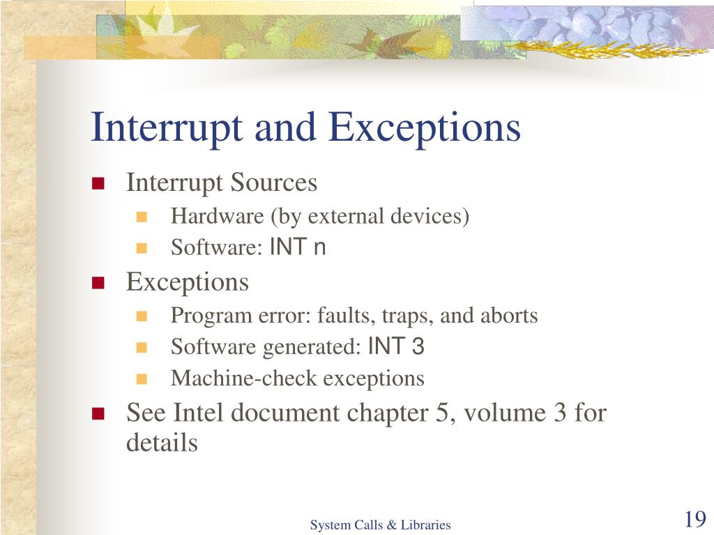 Interrupt and Exceptions • Interrupt Sources • Hardware (by external devices) • Software: INTn • Exceptions • Program error: faults, traps, and aborts • Software generated: INT 3 • Machine-check exceptions • See Intel document chapter 5, volume 3 for details System Calls & Libraries
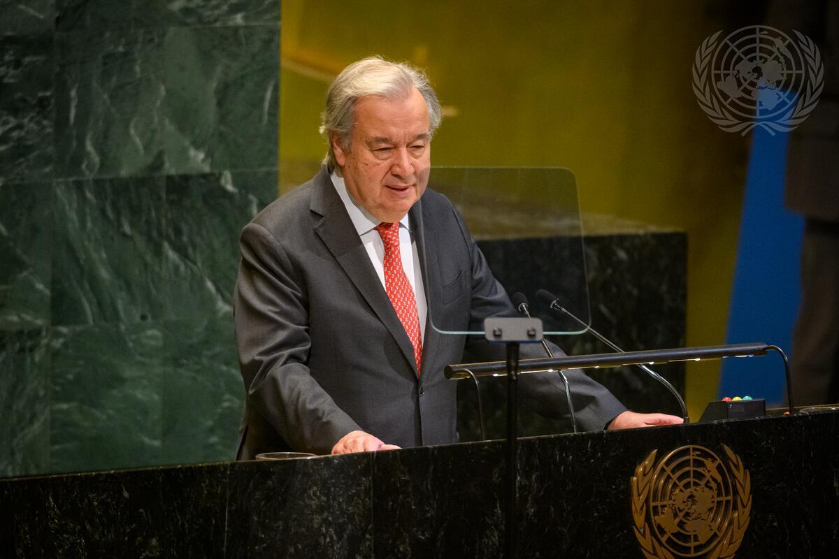 Secretary-General António Guterres addresses the informal General Assembly meeting of the plenary to commemorate the eightieth anniversary of the signing of the Charter of the United Nations.
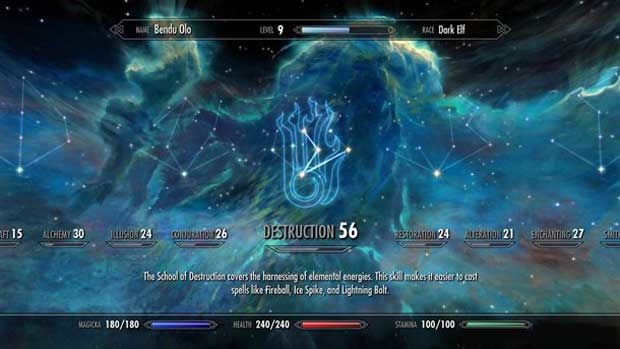 Un ottimo metodo per aumentare velocemente distruzione è quello di comprare un cavallo e lanciargli ripetutamente uno dei tre incantesimi da principiante, appena finirete la magicka o appena il cavallo rischierà di morire basterà attendere 1 ora e potrete ricominciare. Se il vostro cavallo, poi, è quello della confraternita -Shadowmere – meglio ancora! Un altro metodo è quello di utilizzare il trucchetto, indicato sopra, per aumetare l’evocazione con una variante: dopo aver fatto resuscitare i nemici uccideteli con incantesimi distruzione!
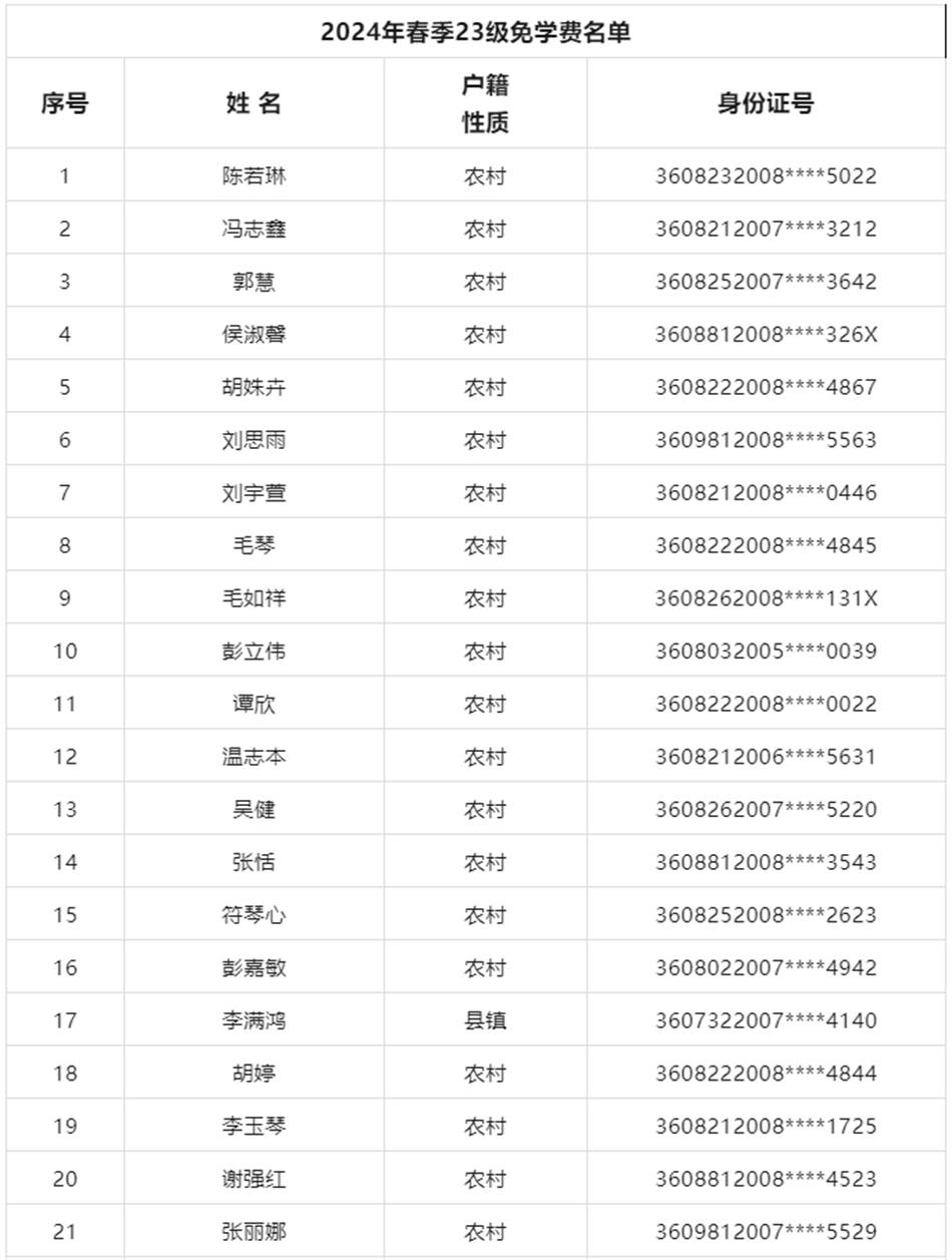 2024年春季學期我校21級學生免學費申報526人,22級免學費申報394人,23級免學費293人,22級助學金143人,23級助學金90人,具體申報名單見以下,公示日期為4月2日至4月12日。如有疑問請于公示日期內(nèi)向校紀檢監(jiān)察室或省人力資源和社會保障廳職業(yè)能力建設處反映。
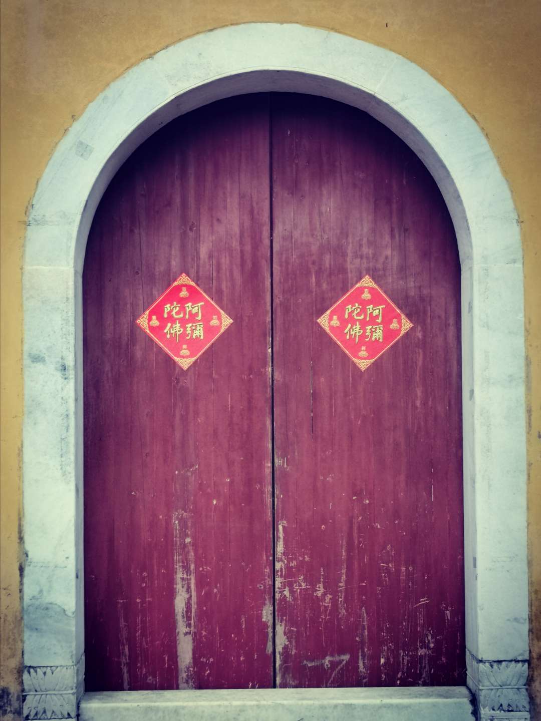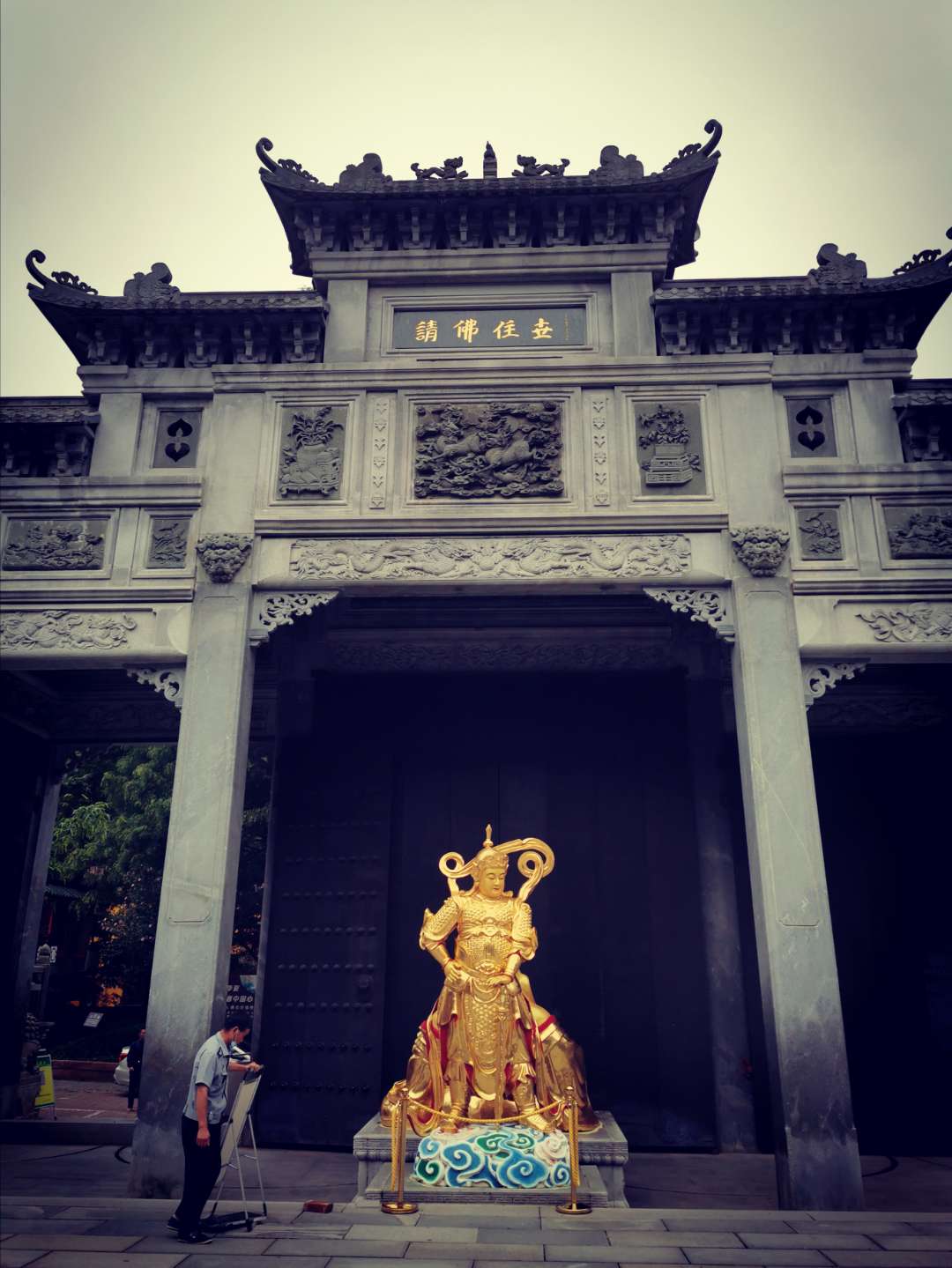 请佛往世黄昏中,我在山寺门口看到这座金色的韦陀,心生敬畏。
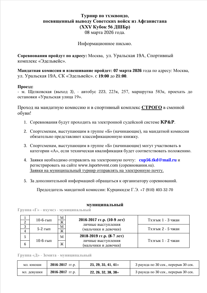 Положение о проведении Турнира по тхэквондо, посвященного выводу Советских войск из Афганистана (ХХV Кубок 56 ДШБр) - СКАЧАТЬ

Task brief:
Find the line that contains "2024年春季學期我校21級". Reproduce it and every later line of the records exactly, minus the pictures.

The completed task:
 2024年春季學期我校21級學生免學費申報526人,22級免學費申報394人,23級免學費293人,22級助學金143人,23級助學金90人,具體申報名單見以下,公示日期為4月2日至4月12日。如有疑問請于公示日期內(nèi)向校紀檢監(jiān)察室或省人力資源和社會保障廳職業(yè)能力建設處反映。
 请佛往世黄昏中,我在山寺门口看到这座金色的韦陀,心生敬畏。
 Положение о проведении Турнира по тхэквондо, посвященного выводу Советских войск из Афганистана (ХХV Кубок 56 ДШБр) - СКАЧАТЬ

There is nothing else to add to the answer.